# Vocalization Classification

Using the spectral features, I will train a classifier based on the words: {BRICK, CLOCK, JUICE, PANTS, GLASS} and determine how well different classifiers perform using this data.

In [1]:
# Import Necessary Libraries
import numpy as np
import scipy.io

import matplotlib
from matplotlib import *
from matplotlib import pyplot as plt
import itertools
from mpl_toolkits.axes_grid1 import make_axes_locatable

from sklearn.decomposition import PCA
import scipy.stats as stats
from scipy.spatial import distance as Distance

# pretty charting
import seaborn as sns
sns.set_palette('muted')
sns.set_style('darkgrid')

%matplotlib inline

In [11]:
#### Extract wordpairs data into a dictionary for a subject/session/block
#### dictionary{wordpair:{channels}}
def extractSubjVocalizedData(subj, word):
    # file directory for a subj/session/block
    filedir = '../../condensed_data_' + subj + '/summary_vocalization/' + word
    
    # initialize data dictionary with meta data
    data_dict = {}
    data_dict['meta'] = {'subject': subj,
                         'word': word}
    
    all_channel_mats = os.listdir(filedir)
    for channel in all_channel_mats: # loop thru all channels
        chan_file = filedir + '/' + channel

        ## 00: load in data
        data = scipy.io.loadmat(chan_file)
        data = data['data']

        ## 01: get the time point for probeword on
        timeZero = data['timeZero'][0][0][0]

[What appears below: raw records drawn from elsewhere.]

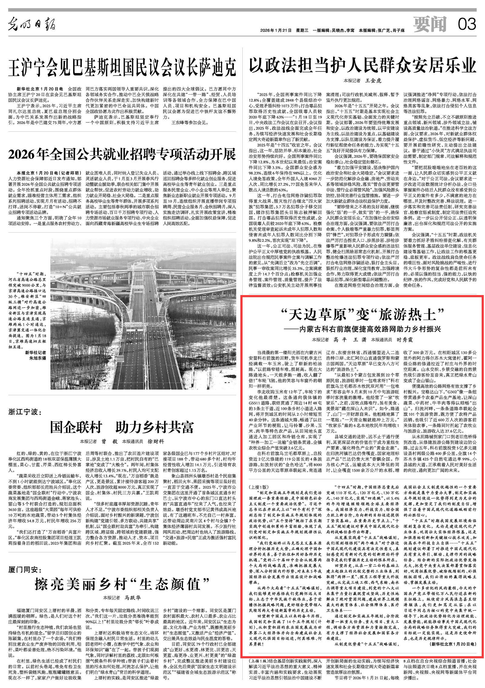 2026年1月21日《光明日報》第3版刊發(fā)了《“天邊草原”變“旅游熱土”——內(nèi)蒙古科右前旗便捷高效路網(wǎng)助力鄉(xiāng)村振興》的文章,報道了過去五年,科右前旗投資5億多元建設(shè)縣村兩級公路400多公里,全旗14個蘇木鄉(xiāng)鎮(zhèn)425個自然屯通達(dá)率99%,小縣城的大道,正承載著人民對美好生活的向往,通向更加廣闊的未來。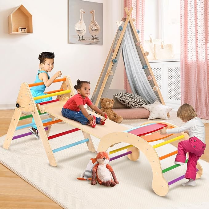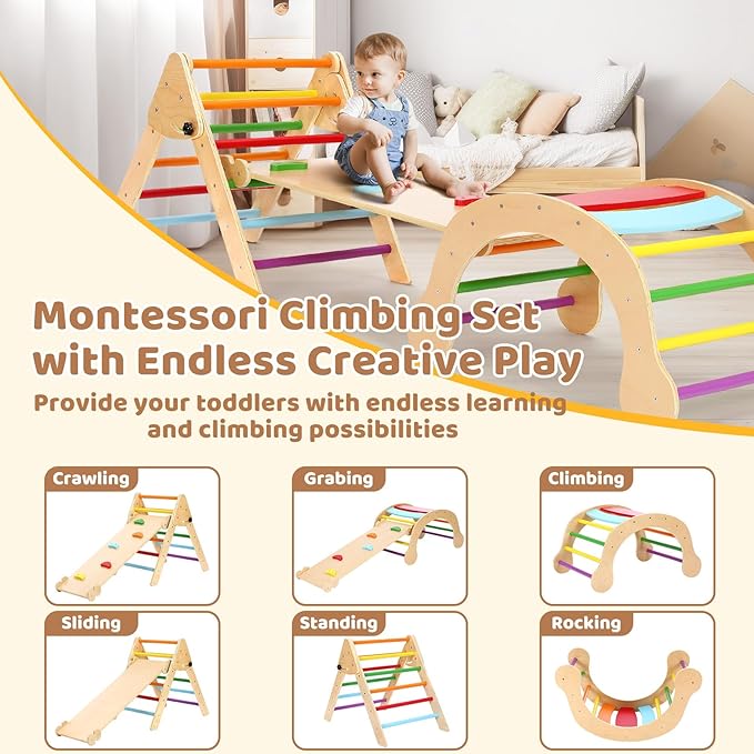 YOLEO 7-in-1 Pikler Triangle Set, Large Wooden Climbing Toys for Toddlers 1-3 Inside, Montessori Fun Toddler Climbing Toys Indoor Playground and Jungle Gyms Playset,Easy-Fold Pikler Triangle (Rainbow)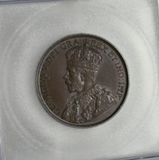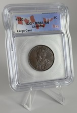 1920 Canada King George V Large Cent 1 cent. Large King George Bust high value variety. Graded by ICG as MS63 BN (Brown). 95% Copper. Royal Canadian Mint. A nice beautiful well struck coin with nice details and original luster shining through toning.

        ## 02: get the time point of vocalization
        vocalization = data['vocalization'][0][0][0]

        ## 03: Get Power Matrix
        power_matrix = data['powerMatZ'][0][0]

        chan = channel.split('_')[0]

        # convert channel data into a json dict
        data_dict[chan] = {'timeZero': timeZero,
                                      'timeVocalization':vocalization,
                                      'powerMat': power_matrix}
    return data_dict

def extractSubjVocalizedDataCat(subj, word):
    # file directory for a subj/session/block
    filedir = '../../condensed_data_' + subj + '/summary_vocalization/' + word
    
    # initialize data dictionary with meta data
    data_dict = {}
    data_dict['meta'] = {'subject': subj,
                         'word': word}
    
    all_channel_mats = os.listdir(filedir)
    for cdx, channel in enumerate(all_channel_mats): # loop thru all channels
        chan_file = filedir + '/' + channel

        ## 00: load in data
        data = scipy.io.loadmat(chan_file)
        data = data['data']

        ## 01: get the time point for probeword on
        timeZero = data['timeZero'][0][0][0]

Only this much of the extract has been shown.